A spokesperson for the National Association of Medicaid Directors said they were still reviewing the proposal but would issue remarks during the 60-day public comment period that will follow the proposed rule's release.

Mark Parkinson, President and CEO of the American Health Care Association and National Center for Assisted Living, said that "provider taxes and supplemental payment arrangements both have become very important financing sources for long term care providers."

"We welcome discussions with CMS on balancing adequate Medicaid base rates with the potentially devastating effects of any changes in Medicaid financing," he said. "This includes the vital need to protect provider taxes and supplemental payments, which are often used to offset inadequate base rates."

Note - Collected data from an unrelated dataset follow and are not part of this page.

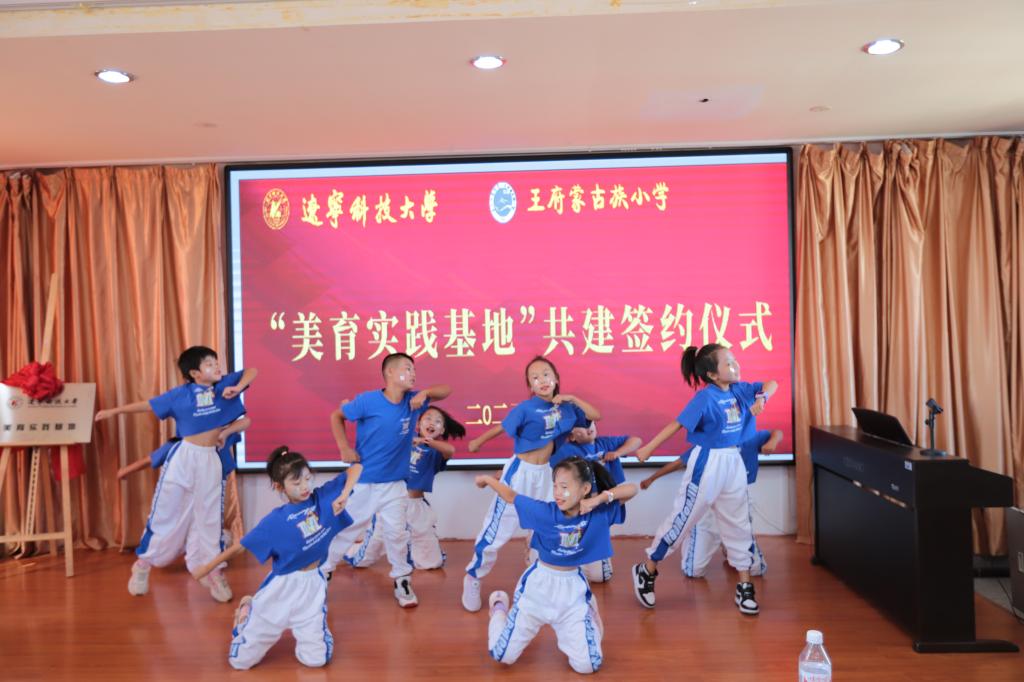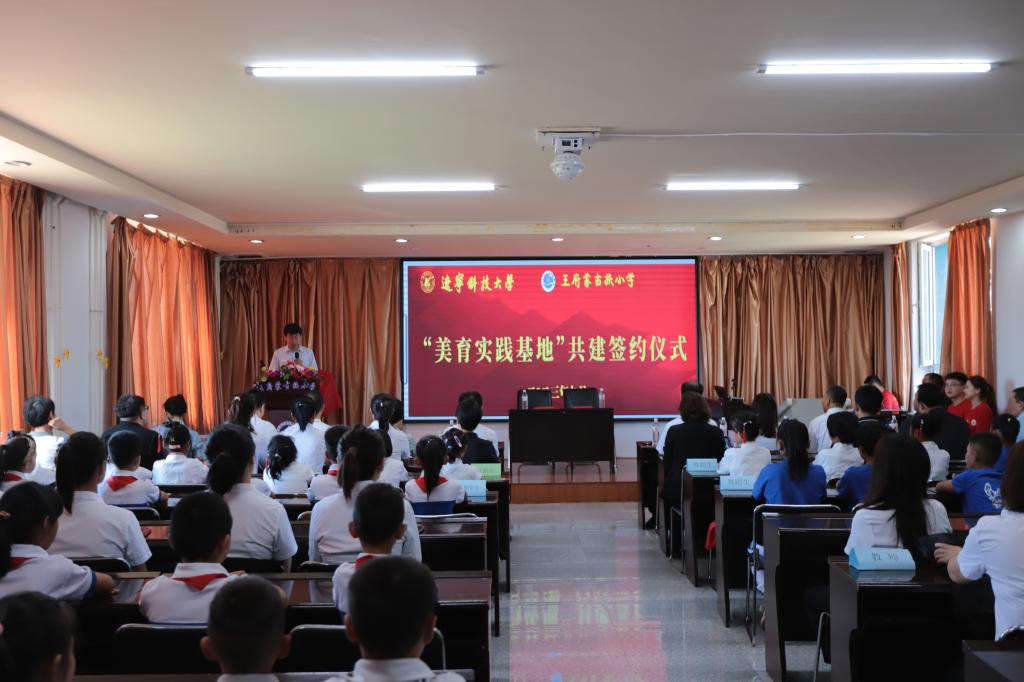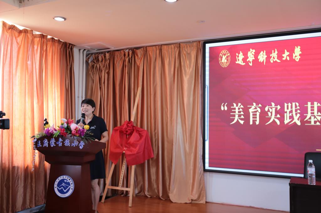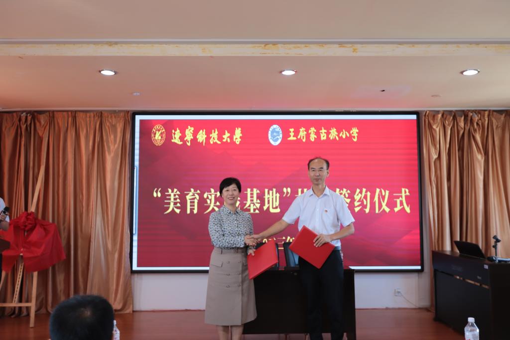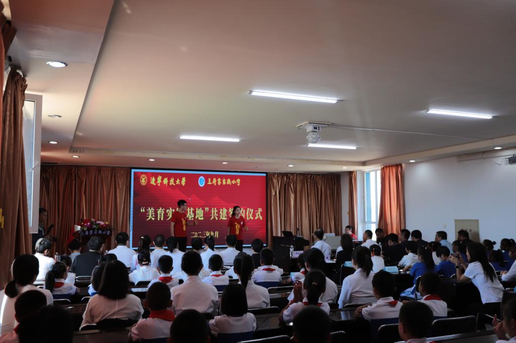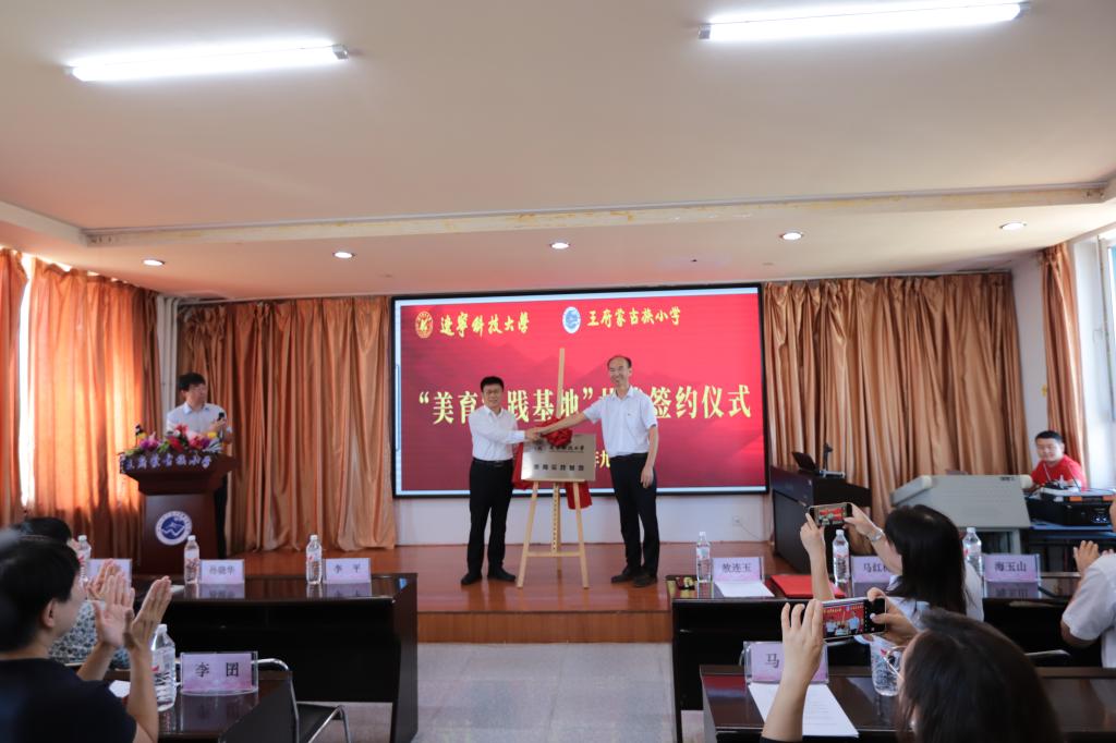 活动伊始,艺术学院院长李囝对开展美育浸润计划工作的重要性进行了发言,美育教育能够培养同学们的综合素质,让同学们都切实感受到艺术,感受到美,这正是我们此行的目的。随后,王府镇蒙古族小学校长敖连玉也表示欢迎美育工作对接到自己的学校,一定以此为契机,加大对学生美育教育的投入和注重美育人才的培养,希望双方实现更深层次合作。之后,九洲官方网站党委副书记孙晓华与王府镇蒙古族小学现场签约,双方签署了“美育实践基地”合作协议,接下来,九洲官方网站党委书记李平与王府镇蒙古族小学进行了“美育实践基地”揭牌仪式。
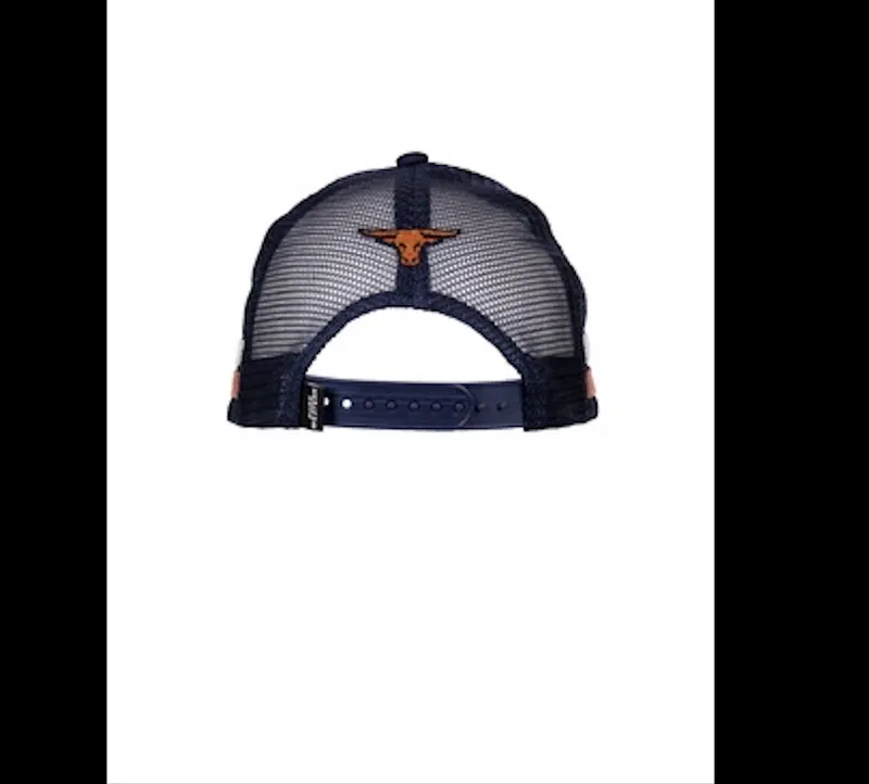 5 panel trucker cap, front multi colour embroidery, peak with multicolour contrast stitching, contrast sandwich peak, contrast crown piping, Pure Western back embroidery.
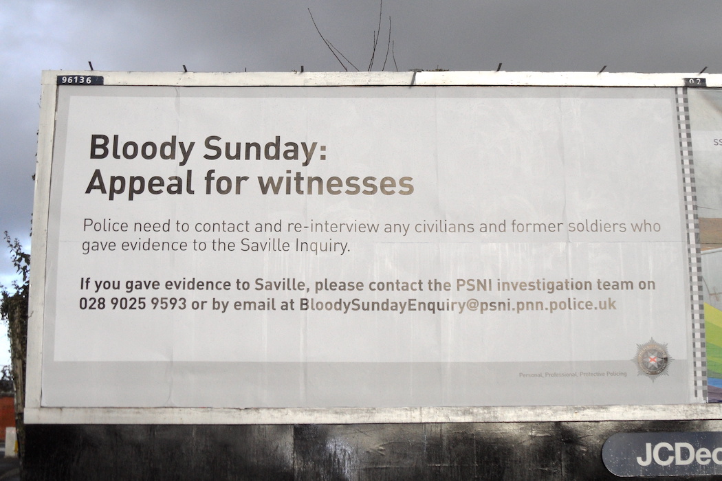 After the Saville report (gov.uk) was published in 2010 and the victims of Bloody Sunday were vindicated (see Vindicated/Ceartaıthe), the PSNI took up its own investigation into the events of Bloody Sunday (January 30th, 1972), which is still on-going. The hoarding above – appealing for “any civilians and former soldiers” who gave evidence to Saville – appeared in Letterkenny Road, Derry.

The proposed rule would also provide new definitions for Medicaid "base" and "supplemental" payments, which would allow CMS to better monitor and enforce statutory requirements around the non-federal share of Medicaid spending and requirements for upper payment limits.

It would also clarify definitions and processes associated with provider ownership categories to close loopholes that have allowed states to attempt to inappropriately fund their share of Medicaid expenditures and to be more consistent with the statute.

To ensure payments align with state and federal Medicaid goals, states would also be required to sunset supplemental payments and tax waivers after no more than three years, with the option to request renewal.

“We have seen a proliferation of payment arrangements that mask or circumvent the rules where shady recycling schemes drive up taxpayer costs and pervert the system. ”

John Commins is a content specialist and online news editor for HealthLeaders, a Simplify Compliance brand.


KEY TAKEAWAYS

The proposed Medicaid Fiscal Accountability Rule would crack down on impermissible financing arrangements. 

CMS says Medicaid supplemental payments have grown from 9.4% of all other Medicaid payments in 2010 to 17.5% in 2017. 

The proposed rule would also provide new definitions for Medicaid 'base' and 'supplemental' payments.

States would also be required to sunset supplemental payments and tax waivers after no more than three years, with the option to request renewal.